▶ [Problem details] Exclude the pictures, then restate exactly each line of the data below from the first through the line containing "Moment de totale".
-- Records provided follows --
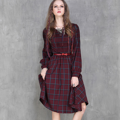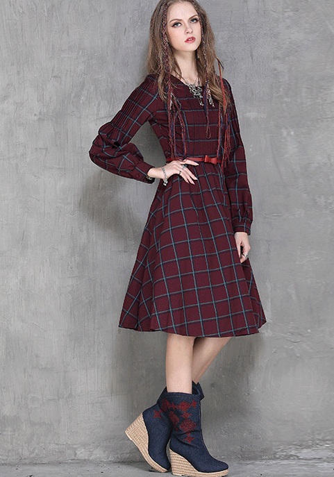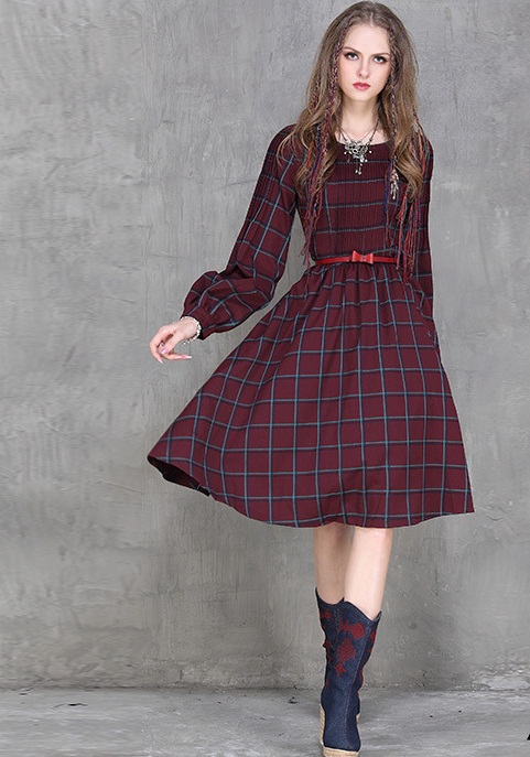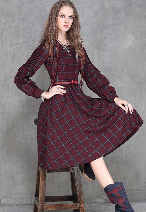 #チェックワンピ#ガーリー#丸襟#膝下丈#長袖#ワインレッド
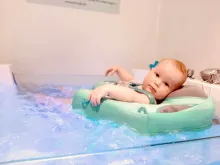 Moment de totale déconnexion pour notre cher Mini-Zou dans un spa spécialement conçu pour les nouveaux-nés.
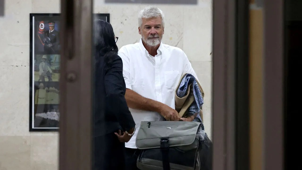 Brian Hooker leaves Central Police Station after being released from custody, Freeport, The Bahamas, Monday, April 13, 2026. Hooker, who is accompanied by his lawyer, Terrel A. Butler, was being questioned over the disappearance of his wife, Lynette Hooker, who he says fell overboard from their dinghy earlier this month. (Matthew Symons for Fox News Digital)
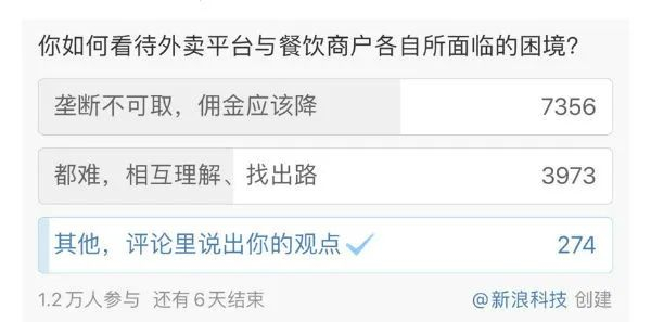 根据新浪科技发起的“你如何看待外卖平台与餐饮商户各自所面临的困境?”投票来看,1.2万人参与中,61.3%的人认为“垄断不可取,佣金应该降”,33.1%的人认为“都难,相互理解、找出路”,另外25.6%的人选择“其他”。
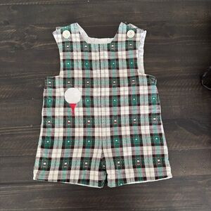 Vintage 90s Golf Plaid Romper Jon Jon Size 2 Boys Classic Traditions Made USA
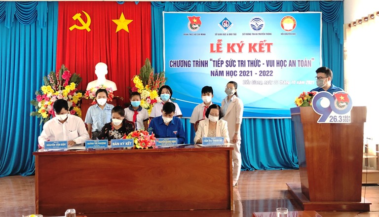 Chương trình “Tiếp sức tri thức - Vui học an toàn” năm học 2021 - 2022 được triển khai từ tháng 10/2021 đến khi công bố hết dịch Covid-19 tại tất cả các huyện, thành, thị trên địa bàn tỉnh Tiền Giang với các đối tượng là đoàn viên, đội viên, học sinh gặp khó khăn về điều kiện học tập, các thiết bị học tập trực tuyến; trẻ em, học sinh mồ côi cha hoặc mẹ vì Covid-19 trên địa bàn tỉnh. Chương trình được triển khai với các nội dung chính: Vận động các nguồn lực hỗ trợ học bổng, trang thiết bị học tập, dụng cụ học trực tuyến cho học sinh; Tổ chức các Câu lạc bộ giáo viên hỗ trợ học sinh học trực tuyến; Xây dựng các Câu lạc bộ học tập, nhóm học tập trực tuyến nhằm hỗ trợ cho học sinh trong quá trình tham gia học trực tuyến…
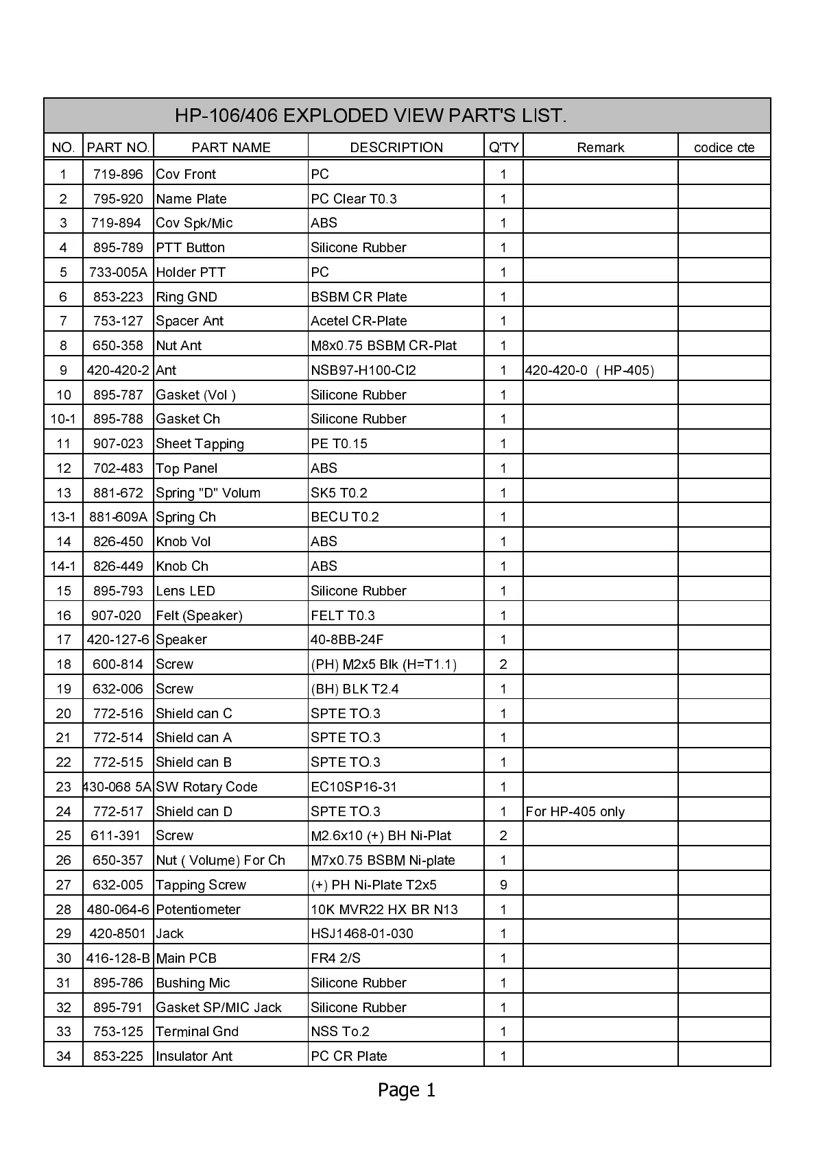HP-106/406 EXPLODED VIEW PART'S LIST.
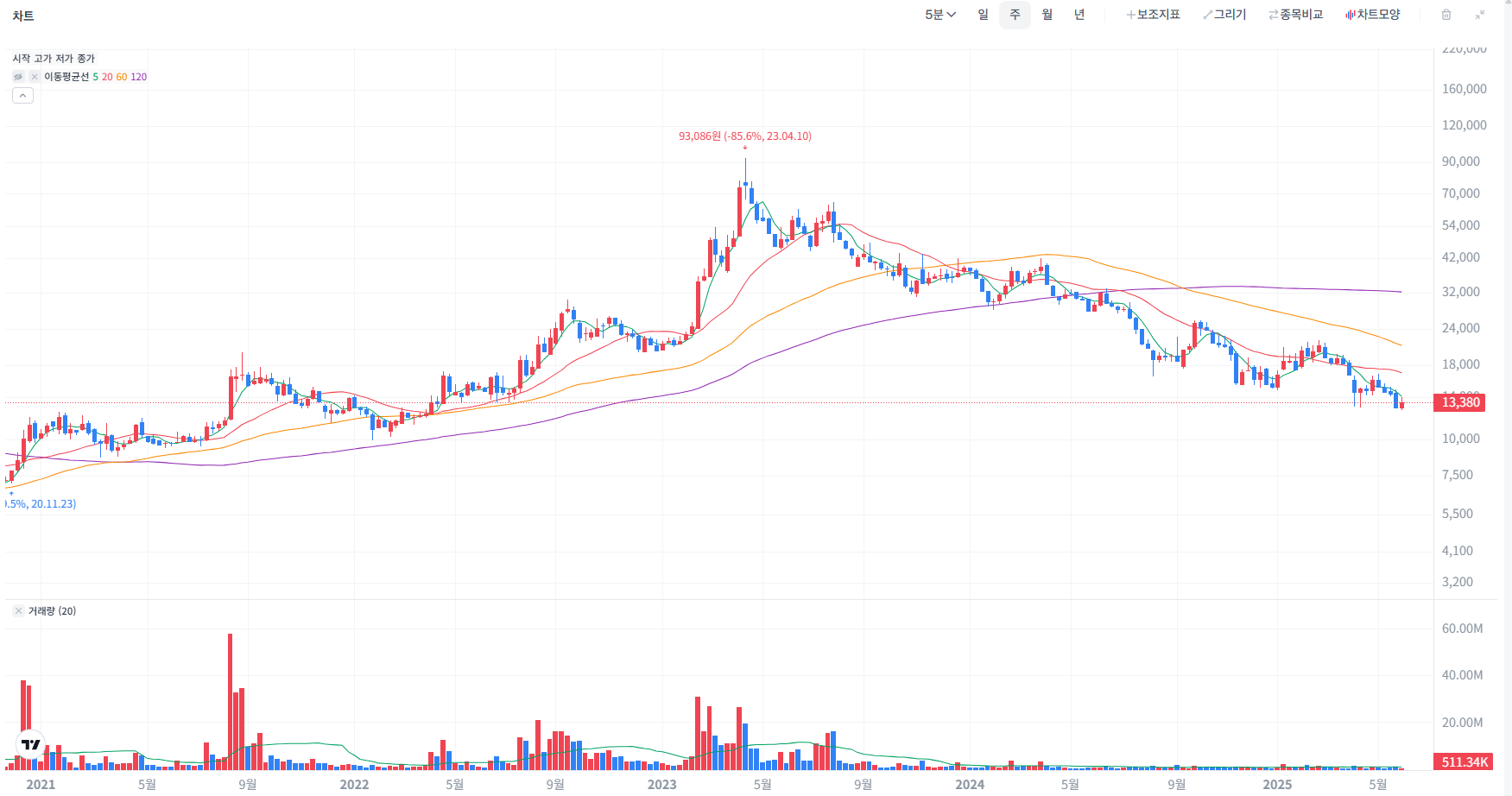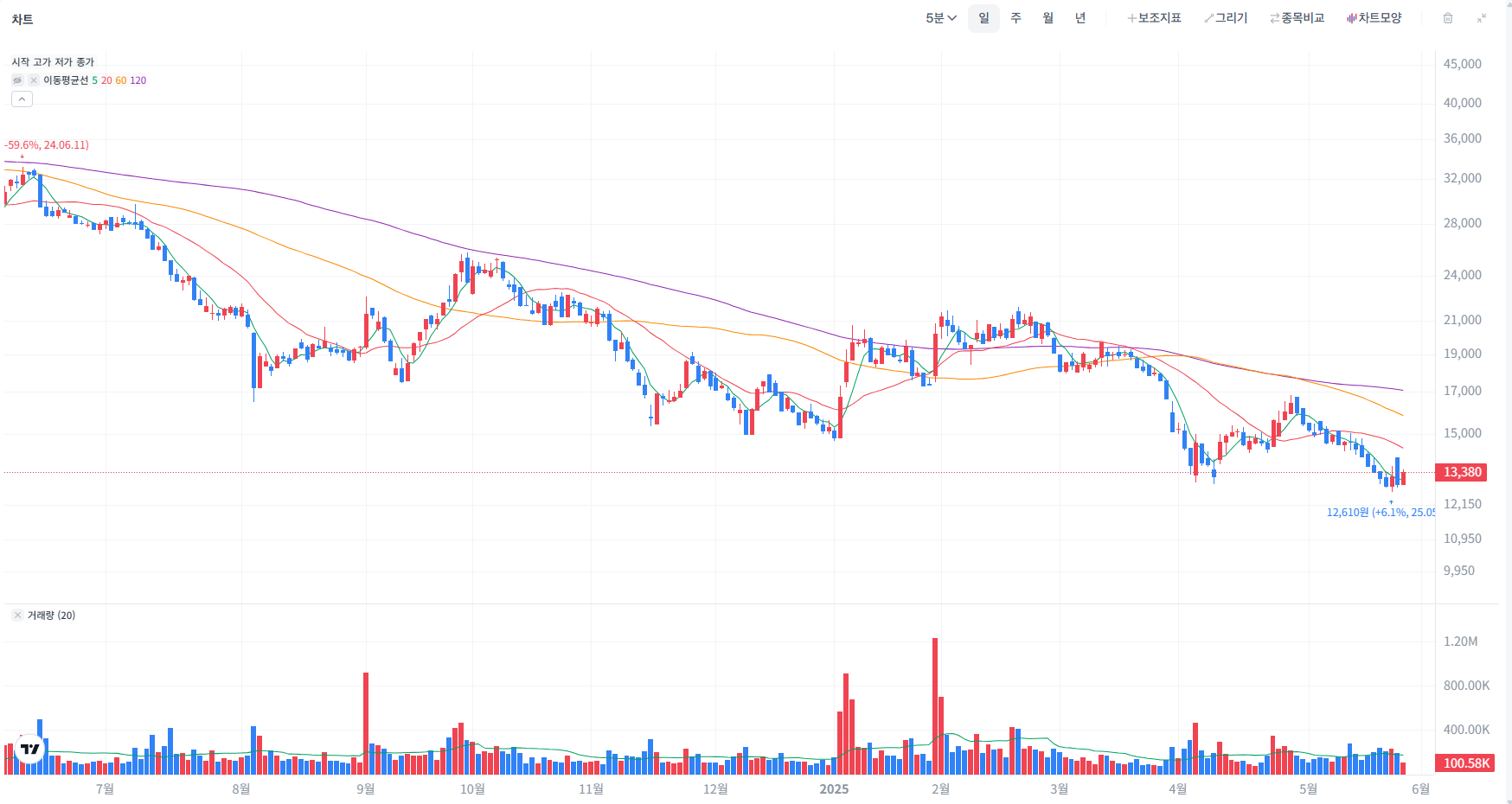 - 12,500~13,000원 구간에서 지지 테스트 중
-- Records provided concluded --
▶ [Exercise output]
 #チェックワンピ#ガーリー#丸襟#膝下丈#長袖#ワインレッド
 Moment de totale déconnexion pour notre cher Mini-Zou dans un spa spécialement conçu pour les nouveaux-nés.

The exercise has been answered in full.